As a referee, the last thing you want is attention. At the end of the game, if you’re part of the story, things have not gone well. Nobody walks out of a basketball game and says, “Oh, man, that was some top notch officiating in there. Did you see that awesome travelling call? I TOTALLY agreed with it.”
If you are mentioned at all in post-game discussion, it is to curse you, and probably to lament the obvious deficiencies in your eyesight and your intelligence, and to hypothesize about what you may, or may not be, a son of.
Before that game, I’d always thought of myself as a pretty good ref. Two of my buddies, Johnny and Rob, had gotten me into the reffing business, assuring me that it was an easy ten bucks an hour, a princely salary for a high school student. This was back in the mid-nineties, when most kids were still working in canneries for gruel and hardtack, and if you could find any job at all, minimum and maximum wage were almost always the same.
Reffing sounded like a much better gig than my other job, busing tables at the local café, where I’d come home from weekend brunch shifts covered in so much syrup that I’d get accused of cheating on my girlfriend with Mrs. Butterworth.
Each Saturday, I’d ref two games, bringing home $20 and promptly wasting it at the record store, which was a place that used to exist where people could purchase music, before it became free on the Internet. These days, teenagers can spend their discretionary incomes on more important items, like text messages and haircuts that make it look like they haven’t gotten haircuts.

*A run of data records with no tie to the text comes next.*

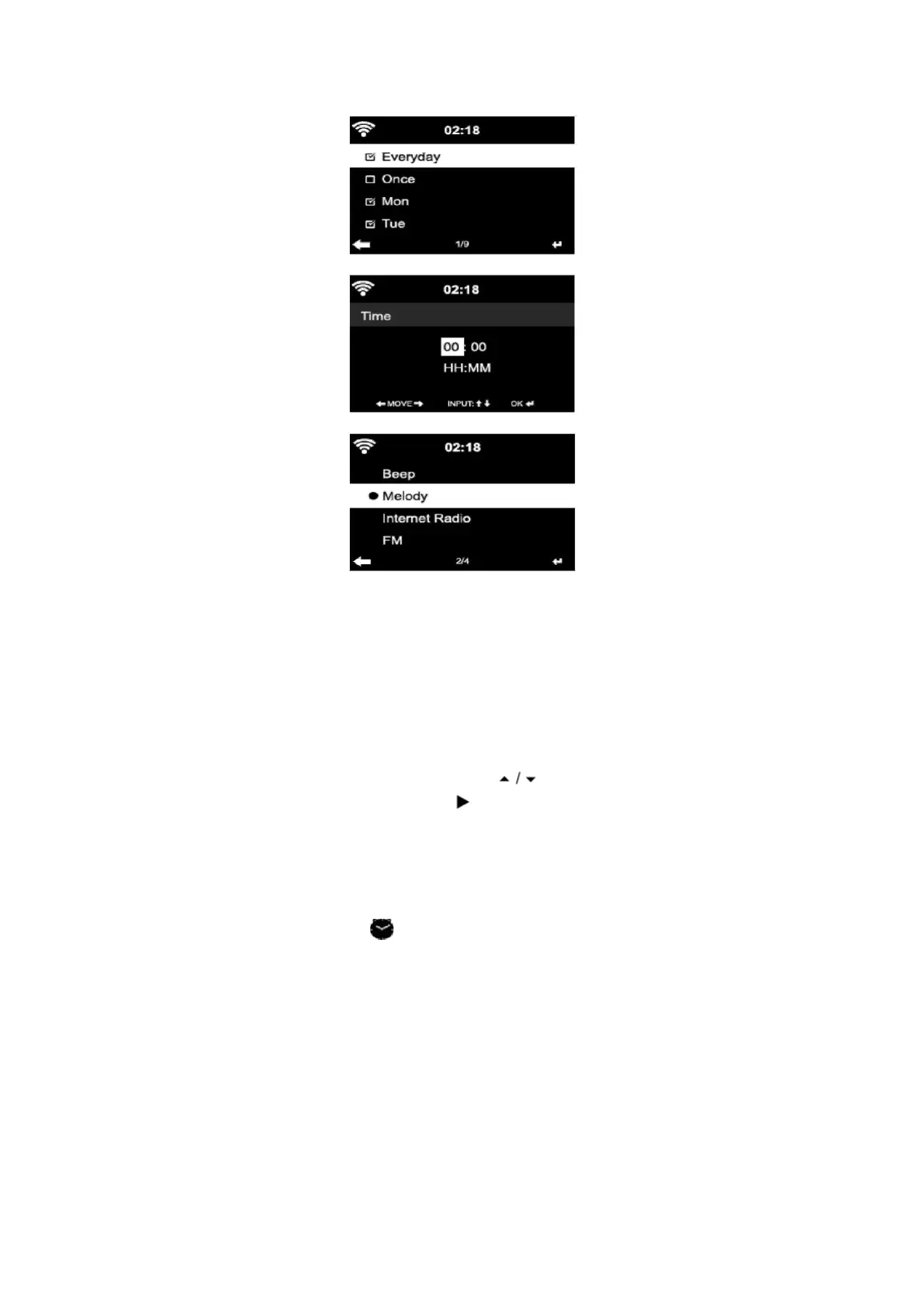 Nota: si la elegido el sonido (alarma) Internet Radio/FM/DAB. Tiene que seleccionar una
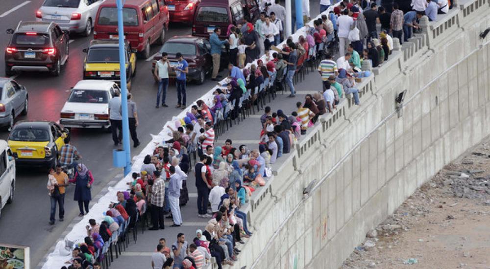 وأقيمت المائدة التي تكونت من مناضد متجاورة ومقاعد بشكل طولي بين منطقتي المحروسة وسيدي جابر في شرق الاسكندرية ثاني أكبر مدينة في مصر وسط تأمين من الشرطة.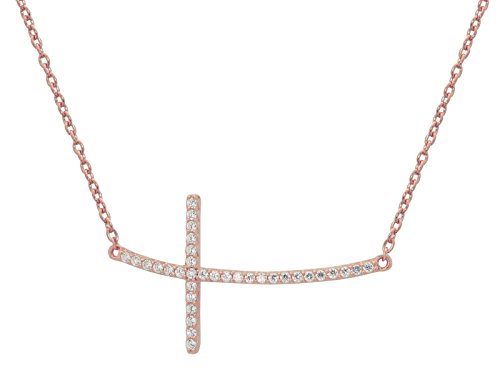 -. Title : Rose Gold Plated Sterling Silver Sideways Cubic Zirconia Cross Pendant Necklace 16"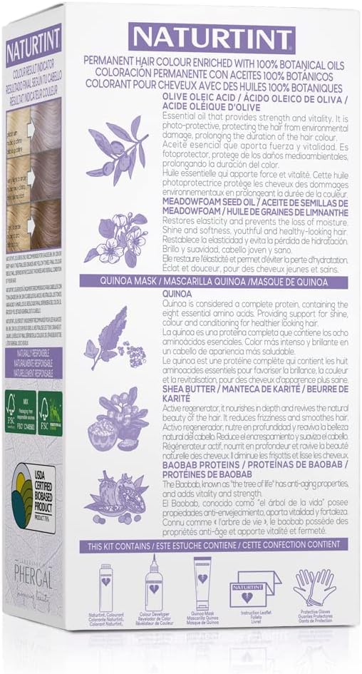 Naturtint is een permanente kleuring zonder ammoniak en 100% dekking van grijs haar, gekozen door consumenten die op zoek zijn naar zachtheid, glans, hydratatie en comfort voor de hoofdhuid. Het respecteert de gezondheid van het haar en bevat het Multicare Mask met Quinoa, dat de kleurfixatie met 20% verhoogt. Inhoud van de doos Flesje Naturtint kleurstof, flesje kleurontwikkelaar, verzorgende balsem, gebruiksaanwijzing en beschermende handschoenen.

Most of the time, the games went smoothly. Hardly anyone told me to go back to Foot Locker, or offered to drive me to Pearl Vision after the game.
But one Saturday, Rob and I got paired to call a fateful game in the boys’ league. I’m not exactly sure what their ages were, but I’d guess they were the same ages as the kids from Lord of the Flies.
In the second quarter, things started getting out of hand. In the span of two minutes, we called three shooting fouls against the same kid. And then The Foul happened. Or didn’t happen, since I didn’t call it.
Just as one kid was putting the ball up to shoot, the kid with the three fouls swung his arm out and karate chopped the shooter’s arms.
“Wow!” I thought. “That kid just got clobbered!”
The ball slowly dribbled out of bounds as the players stared at it, waiting for a whistle to blow. I’d gotten so caught up in watching that I hadn’t called anything, and then it was too late.
I met Rob at half court to confer.
“Dude, did you see that?” I asked.
“No, that was your call down there,” he said.
Rob’s attitude toward reffing was rather casual. He always wore a whistle, but I’m not sure it actually worked. Whenever I asked him why he didn’t call any fouls, his answer was, “You gotta let the kids play, man.”
But he was right, this call was mine. I should have admitted my mistake, called the foul late and moved on. Instead, I just pretended it didn’t happen, a decision that led to the red-faced coach hollering at me a few minutes later. The kids, noting a certain lack of officiating, had begun descending into savagery.
I met the coach on the sidelines and apologized. In the end, nobody got maimed or squashed by a boulder, but I did learn an important lesson: there are worse things to be than covered in syrup.